**Problem to work on**
Exact reproduction required: the lines below from the line with "今後の日本の地域コミュニティ" to the line with "Rosa Fluoritt er", both ends included, and no others.

**Information supplied**
=== Section Start ===

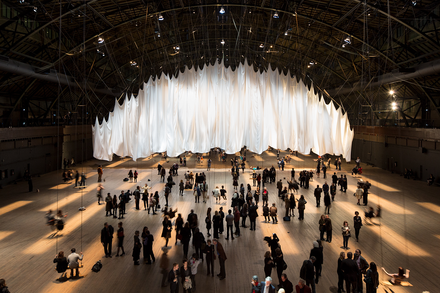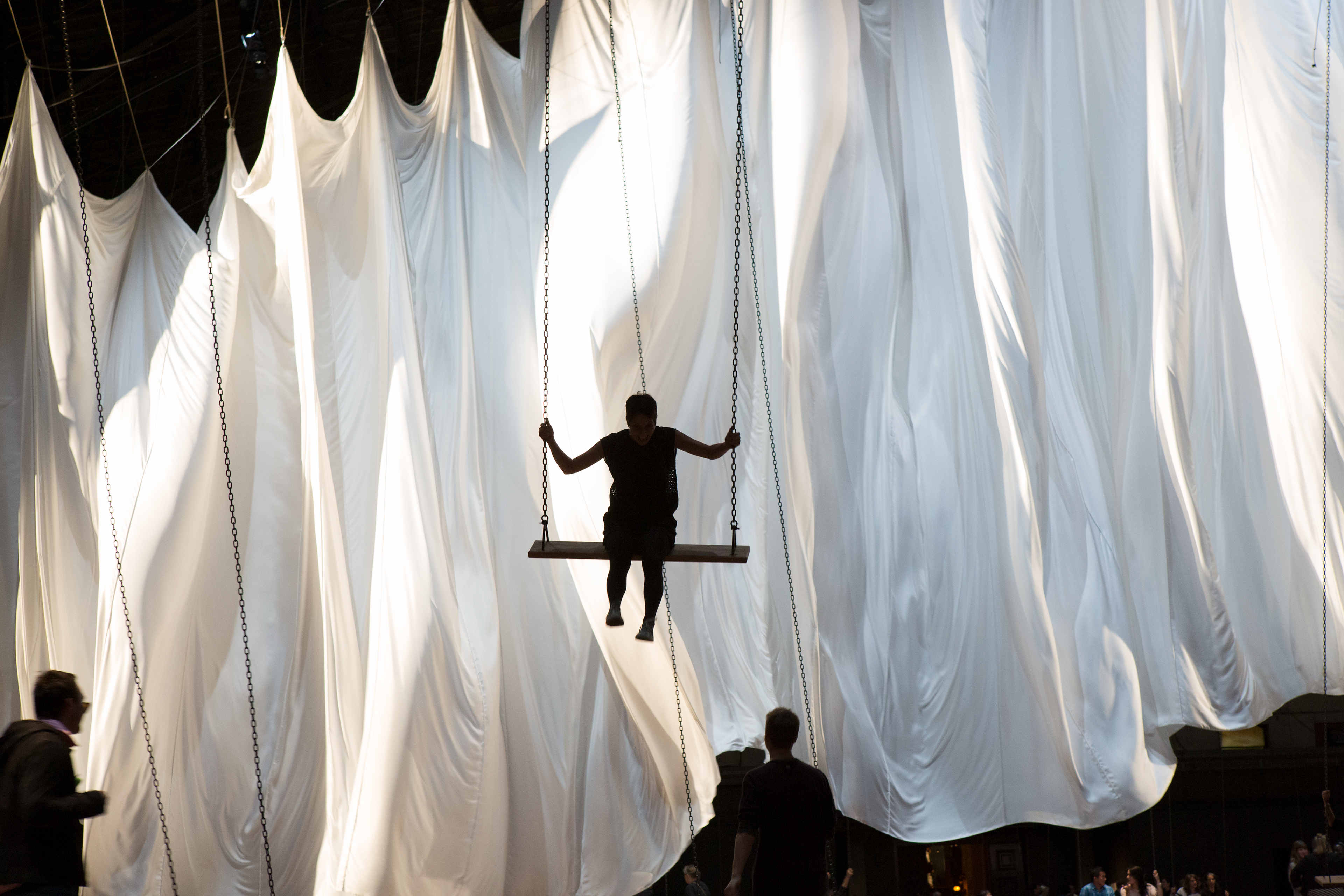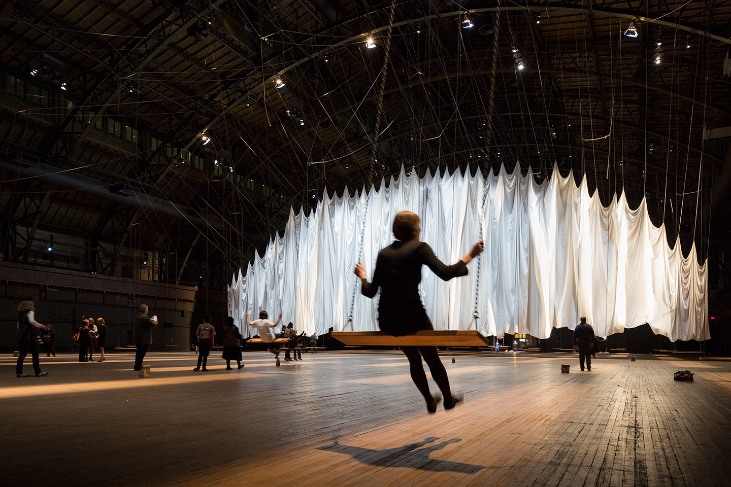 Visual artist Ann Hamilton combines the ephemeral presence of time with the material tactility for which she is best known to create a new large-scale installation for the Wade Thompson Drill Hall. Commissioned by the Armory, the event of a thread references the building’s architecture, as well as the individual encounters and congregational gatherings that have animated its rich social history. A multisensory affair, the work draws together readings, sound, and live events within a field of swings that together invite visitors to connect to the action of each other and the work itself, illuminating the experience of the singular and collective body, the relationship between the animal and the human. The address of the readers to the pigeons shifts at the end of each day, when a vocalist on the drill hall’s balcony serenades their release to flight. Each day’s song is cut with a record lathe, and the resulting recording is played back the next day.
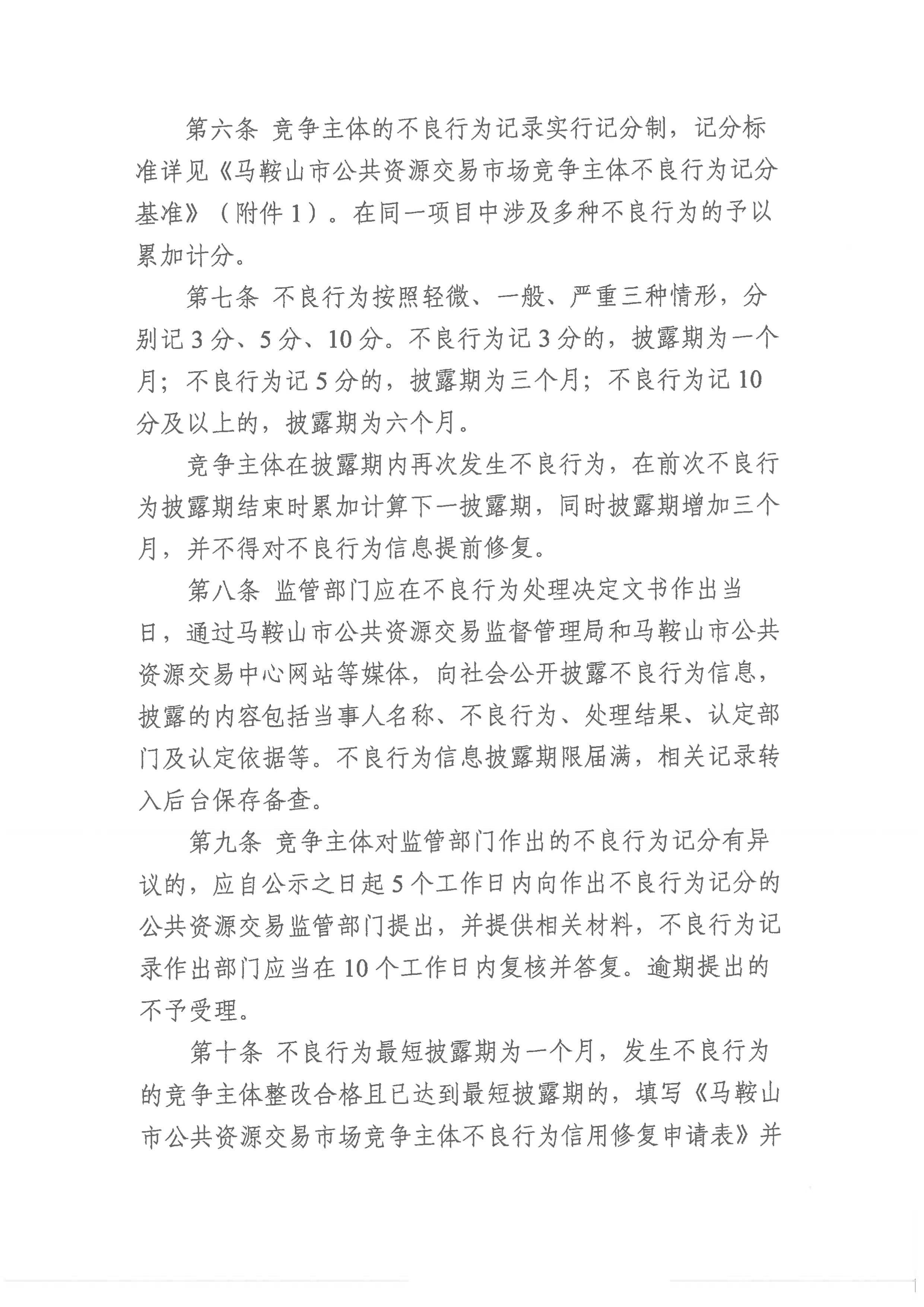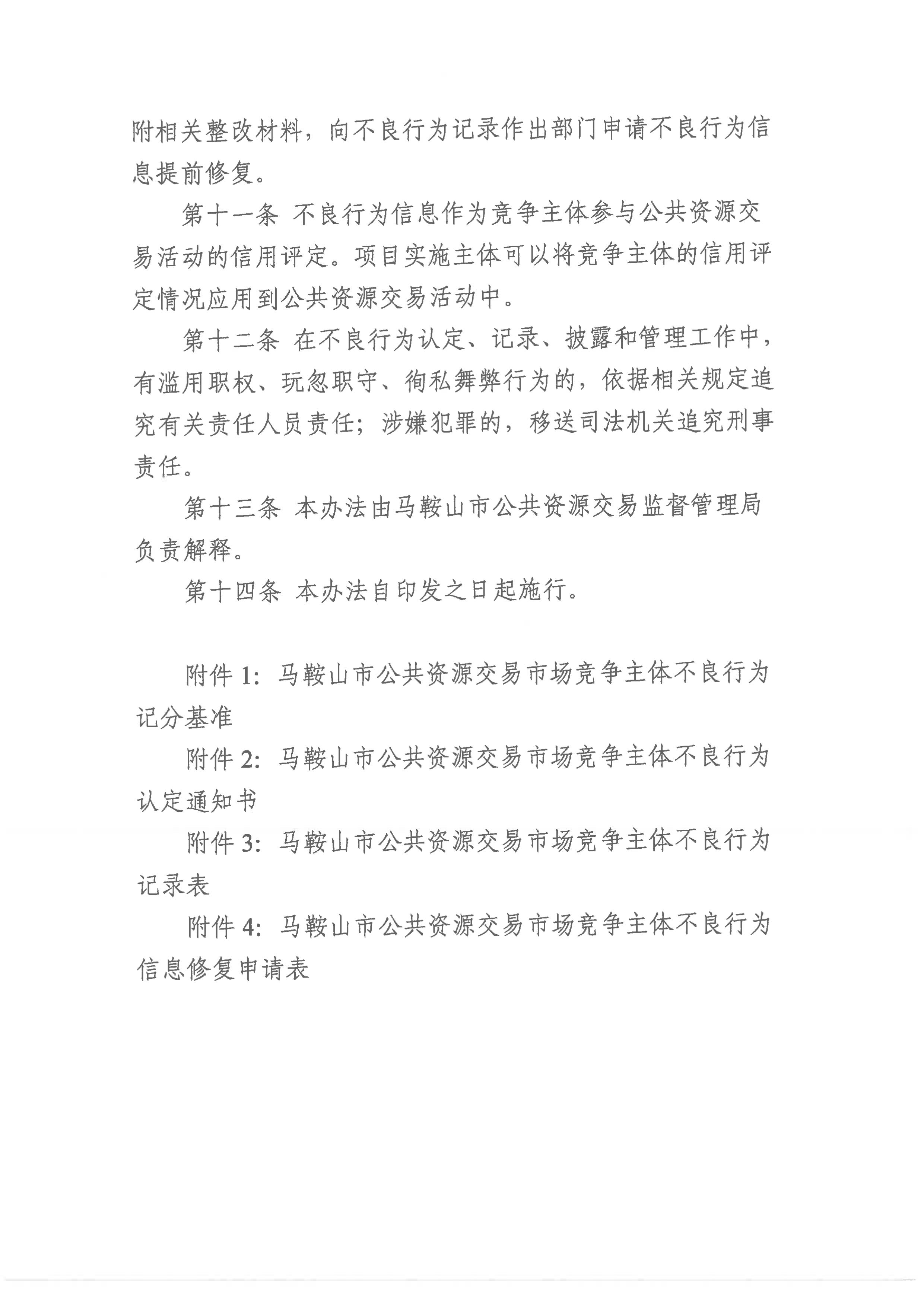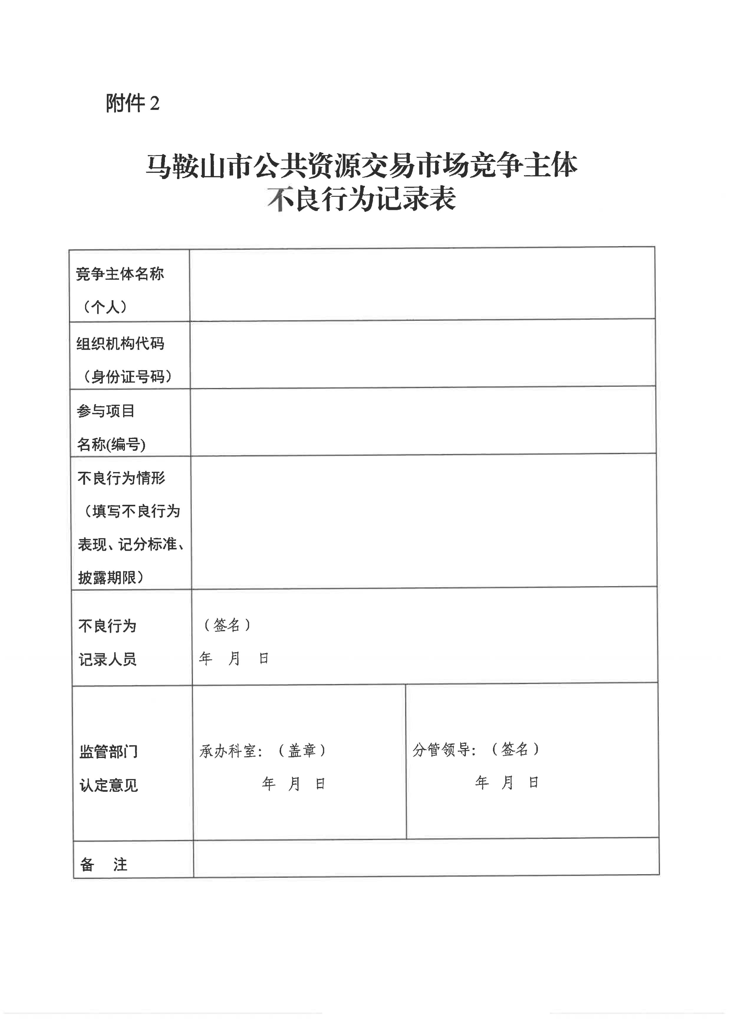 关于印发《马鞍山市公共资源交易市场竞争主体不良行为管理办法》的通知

=== Section End ===
=== Section Start ===

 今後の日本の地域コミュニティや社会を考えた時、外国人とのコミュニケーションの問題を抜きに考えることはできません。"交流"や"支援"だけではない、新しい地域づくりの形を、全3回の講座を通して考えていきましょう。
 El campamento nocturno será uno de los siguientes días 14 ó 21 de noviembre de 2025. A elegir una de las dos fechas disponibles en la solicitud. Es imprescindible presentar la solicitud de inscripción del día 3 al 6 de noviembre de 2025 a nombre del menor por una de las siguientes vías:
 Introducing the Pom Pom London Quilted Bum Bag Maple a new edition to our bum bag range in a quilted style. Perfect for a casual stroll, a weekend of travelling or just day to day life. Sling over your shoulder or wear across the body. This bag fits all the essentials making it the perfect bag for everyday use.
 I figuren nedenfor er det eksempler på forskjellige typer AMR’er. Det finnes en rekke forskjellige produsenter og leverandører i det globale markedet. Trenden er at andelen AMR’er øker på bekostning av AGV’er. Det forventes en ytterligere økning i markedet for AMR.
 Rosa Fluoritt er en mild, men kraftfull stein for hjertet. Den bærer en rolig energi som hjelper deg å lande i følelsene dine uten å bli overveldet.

=== Section End ===

**Result of this task**
 今後の日本の地域コミュニティや社会を考えた時、外国人とのコミュニケーションの問題を抜きに考えることはできません。"交流"や"支援"だけではない、新しい地域づくりの形を、全3回の講座を通して考えていきましょう。
 El campamento nocturno será uno de los siguientes días 14 ó 21 de noviembre de 2025. A elegir una de las dos fechas disponibles en la solicitud. Es imprescindible presentar la solicitud de inscripción del día 3 al 6 de noviembre de 2025 a nombre del menor por una de las siguientes vías:
 Introducing the Pom Pom London Quilted Bum Bag Maple a new edition to our bum bag range in a quilted style. Perfect for a casual stroll, a weekend of travelling or just day to day life. Sling over your shoulder or wear across the body. This bag fits all the essentials making it the perfect bag for everyday use.
 I figuren nedenfor er det eksempler på forskjellige typer AMR’er. Det finnes en rekke forskjellige produsenter og leverandører i det globale markedet. Trenden er at andelen AMR’er øker på bekostning av AGV’er. Det forventes en ytterligere økning i markedet for AMR.
 Rosa Fluoritt er en mild, men kraftfull stein for hjertet. Den bærer en rolig energi som hjelper deg å lande i følelsene dine uten å bli overveldet.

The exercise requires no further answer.